* The problem *
Please make sure what you return matches the listing below exactly, minus its pictures.
*** Opening of Available data ***
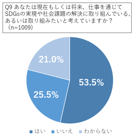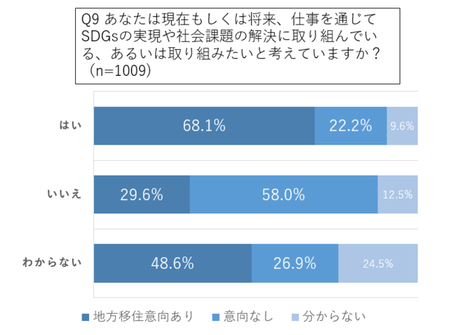 「現在や将来、仕事を通じてSDGsや社会課題の解決に取り組んでいる、あるいは取り組みたいと考えていますか」という質問に対して、半数以上となる53.5%が「はい」と回答。また、「はい」と回答した人のうち、地方移住に関心があるのは68.1%に上りました。一方、「いいえ」と回答した人は、地方移住への関心も29.6%と比較的低くなる傾向にあることが分かりました。
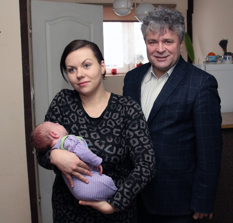 Burmistrz Lęborka Witold Namyślak odwiedził pierwsze urodzone w 2016 roku w Lęborku dziecko, małą Amelię i jej rodziców, pp. Julię i Roberta Oleszek.
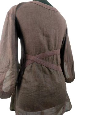 تونيك (Tunic) - خط عنق شكل ـ V ـ، بدون ياقة، كتف عادي، أكمام حتى الكوع عادية (Plain) - بني, S
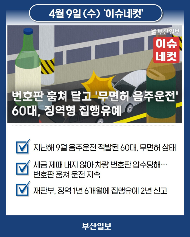 번호판 훔쳐 달고 '무면허 음주운전' 60대, 징역형 집행유예
*** Close of Available data ***
* Final answer *
 「現在や将来、仕事を通じてSDGsや社会課題の解決に取り組んでいる、あるいは取り組みたいと考えていますか」という質問に対して、半数以上となる53.5%が「はい」と回答。また、「はい」と回答した人のうち、地方移住に関心があるのは68.1%に上りました。一方、「いいえ」と回答した人は、地方移住への関心も29.6%と比較的低くなる傾向にあることが分かりました。
 Burmistrz Lęborka Witold Namyślak odwiedził pierwsze urodzone w 2016 roku w Lęborku dziecko, małą Amelię i jej rodziców, pp. Julię i Roberta Oleszek.
 تونيك (Tunic) - خط عنق شكل ـ V ـ، بدون ياقة، كتف عادي، أكمام حتى الكوع عادية (Plain) - بني, S
 번호판 훔쳐 달고 '무면허 음주운전' 60대, 징역형 집행유예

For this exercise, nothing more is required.